CODE_n is a business started in 2011 by GFT Technologies AG under the direction of CEO Ulrich Dietz. The company runs an annual contest for startups with business models based on digital technologies for five days at the CeBIT exhibition. Additionally, they have workspaces and other events that are intended to help bring together startups and established businesses.

History 

CODE_n was officially founded by GFT Technologies AG and publicly announced on September 14, 2011 at a press conference in Berlin. In its first year, the program partners included Deutsche Messe AG, Ernst & Young, Fujitsu Technology Solutions, BITKOM, and the Center for Art and Media Karlsruhe (ZKM).

2012: Shaping Mobile Life 

The motto for CODE_n in 2012 was "Shaping Mobile Life": part of a quest for young companies with business models that revolve around mobile technologies. Fifty finalists were selected from the 400 applicants from 42 countries. These finalists were invited to present their business models at CeBIT in the CODE_n trade show hall.
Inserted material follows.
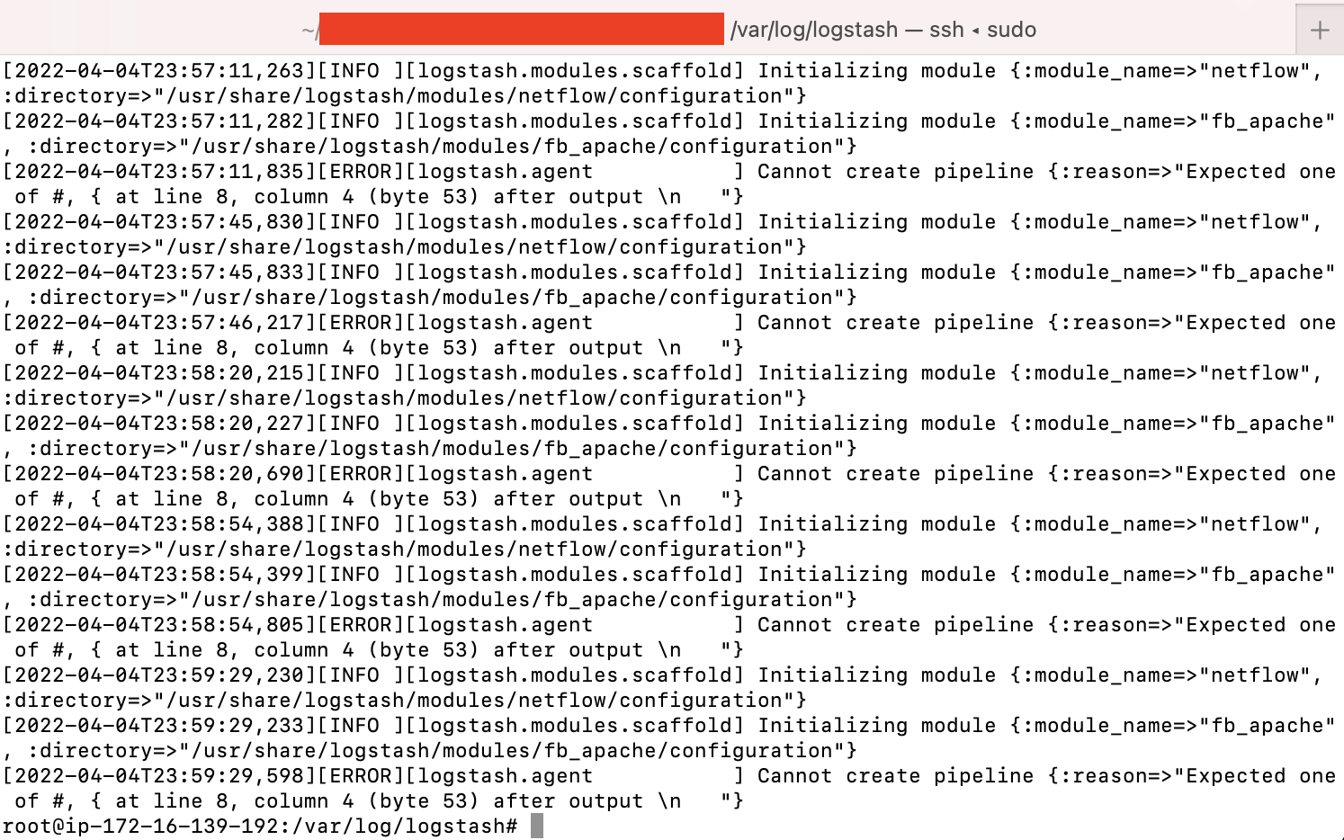 Logstash 초기화 작업 중에 발생하는 Cannot create pipeline 에러를 해결해보자. 서비스가 active 상태여도 발생할 수 있다.

Jürgen Mayer H. and Tobias Rehberger designed the exhibition space.

Intelligent Apps from Hamburg was selected as the winner of the CODE_n12 Award for their app called myTaxi: The jury panel included Ulrich Dietz (GFT Technologies AG*), Lars Hinrichs (HackFwd), Gabriele Fischer (brand eins), Carsten Knop (Frankfurter Allgemeine Zeitung), Paulus Neef (PQuadra), Joseph Reger (Fujitsu Technology Solutions), Jens-Uwe Sauer (Seedmatch), and Peter Weibel (ZKM).
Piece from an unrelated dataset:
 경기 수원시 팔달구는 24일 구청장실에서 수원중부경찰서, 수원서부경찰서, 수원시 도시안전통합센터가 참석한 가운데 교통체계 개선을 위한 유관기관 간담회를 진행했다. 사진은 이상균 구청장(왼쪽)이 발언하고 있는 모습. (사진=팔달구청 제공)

2013: Smart Solutions for Global Challenges 

The second installment of the CODE_n innovation contest ran in 2013 under the slogan "Smart Solutions for Global Challenges". This time the contest was looking for digital business models that were geared to the transition to sustainable energy and its related challenges. The CODE_n13 Award was given in two categories: Emerging Company and Best Startup. The winners were Changers.com (Potsdam) and Greenclouds (the Netherlands).

Artist Vincent Tavenne took on the task of designing the 5,000 m2 exhibition hall at CeBIT. Attendees included Angela Merkel, Donald Tusk, Philipp Rösler and Peter Altmaier.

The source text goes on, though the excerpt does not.